Een kwetsbare magere heer van 77 jaar wordt op een doordeweekse dag verwezen naar de spoedeisende hulp (SEH) door de huisarts. Het gaat helemaal niet goed, meneer is ontremd, roept en is lastig voor de buren. Er zit een knik in zijn functioneren, waardoor hij het niet meer goed redt. Bovendien heeft hij het nodige aan gewicht verloren, is daardoor erg mager, en heeft hij zichzelf de laatste tijd slecht verzorgd.

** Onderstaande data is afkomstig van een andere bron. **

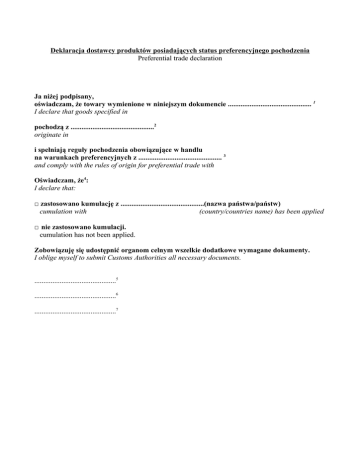 Deklaracja dostawcy produktów posiadających status preferencyjnego pochodzenia Preferential trade declaration Ja niżej podpisany, oświadczam, że towary wymienione w niniejszym dokumencie .............................................. 1 I declare that goods specified in pochodzą z ..............................................2 originate in i spełniają reguły pochodzenia obowiązujące w handlu na warunkach preferencyjnych z .............................................. 3 and comply with the rules of origin for preferential trade with Oświadczam, że4: I declare that: □ zastosowano kumulację z ..............................................(nazwa państwa/państw) cumulation with (country/countries name) has been applied □ nie zastosowano kumulacji. cumulation has not been applied. Zobowiązuję się udostępnić organom celnym wszelkie dodatkowe wymagane dokumenty. I oblige myself to submit Customs Authorities all necessary documents. .............................................5 .............................................6 .............................................7 1 Jeżeli deklaracja dotyczy tylko niektórych towarów wymienionych w niniejszym dokumencie, powinny one zostać wyraźnie wskazane i oznaczone w następujący sposób: “.......... wymienione w niniejszej fakturze i oznaczone .......... pochodzą z ..........” If declaration refers to only certain items specified in the indicated document, they should be clearly stated in the following way: “..........specified in .......... and marked as ..........originate in..........” 2 Wspólnota, państwo, grupa państw lub terytorium, z którego pochodzą towary. Union, country, group of countries, territory of goods origin. 3 Odpowiednie państwo, grupa państw lub terytorium. Adequate country, group of countries, territory. 4 Wypełnić w razie potrzeby jedynie w odniesieniu do towarów posiadających status preferencyjnego pochodzenia w ramach przepisów regulujących handel na warunkach preferencyjnych z jednym z państw, o których mowa w art. 3 i 4 właściwego protokołu w sprawie pochodzenia, w stosunku do którego stosuje się paneurośródziemnomorską kumulację pochodzenia. Fill in only when goods are of preferential origin, according to the rules of origin for preferential trade with one of the countries mentioned in article 3 and 4 of relevant protocol on place of origin allowing application of PanEuroMediterranean cumulation. 5 Miejsce i data. Place and date. 6 Nazwisko i stanowisko w przedsiębiorstwie. Name and job title. 7 Podpis. Signature.

Om een lang verhaal kort te maken: eerst ziet de psychiater hem op de SEH. Deze vindt hem manisch of delirant (acuut verward), en vreest een hersenproces door de vermagering. Hij draagt de patiënt daarom na twee uur over op de neuroloog. Deze laat een MRI-scan maken, maar vindt behalve de nodige hersenatrofie geen gezwel. De neuroloog vraagt, nadat de scan-uitslag na 2,5 uur bekend is, de internist in verband met het gewichtsverlies en de wat hoge bloedsuiker. De internist vindt dat de mogelijke suikerziekte meevalt en dat de ziekte wellicht te maken heeft met de psychofarmaca die de patiënt al gebruikt.

Radeloos

Tot slot mocht ik, als geriater, de patiënt zien. Inmiddels was de man onrustiger geworden en wilde niet  op een behandelkamer wachten. Zijn familie was ook radeloos; ze konden het thuis en op de SEH niet meer aan. Ik zag een ernstig verzwakte, kwetsbare, sterk ondervoede man, met een veel hogere biologische leeftijd en een veel slechtere levensverwachting dan te verwachten viel op basis van zijn kalenderleeftijd, die het meest in aanmerking kwam voor palliatieve zorg. Daartoe nam ik hem op de afdeling geriatrie op, waar hij een stuk rustiger werd en na vier dagen verzorging rustig overleed.

De internist, psychiater en neuroloog scoren in deze casus goed op hun richtlijnen voor respectievelijk delier, cva en diabetes. Hun artsen in opleiding en supervisoren vonden het maar een lastige casus, die hen afleidde van waar ze echt goed in zijn… Wij scoren als geriaters slecht op de indicatoren, omdat voor ons de totale wachttijd op de SEH telt (totaal verblijf zeven uur) en hij functieverlies in plaats van herstel laat zien. Als toetje krijgt de familie van de patiënt een hoge ziekenhuisrekening te zien, ondermeer van de kosten van al het hulponderzoek dat op de SEH is verricht...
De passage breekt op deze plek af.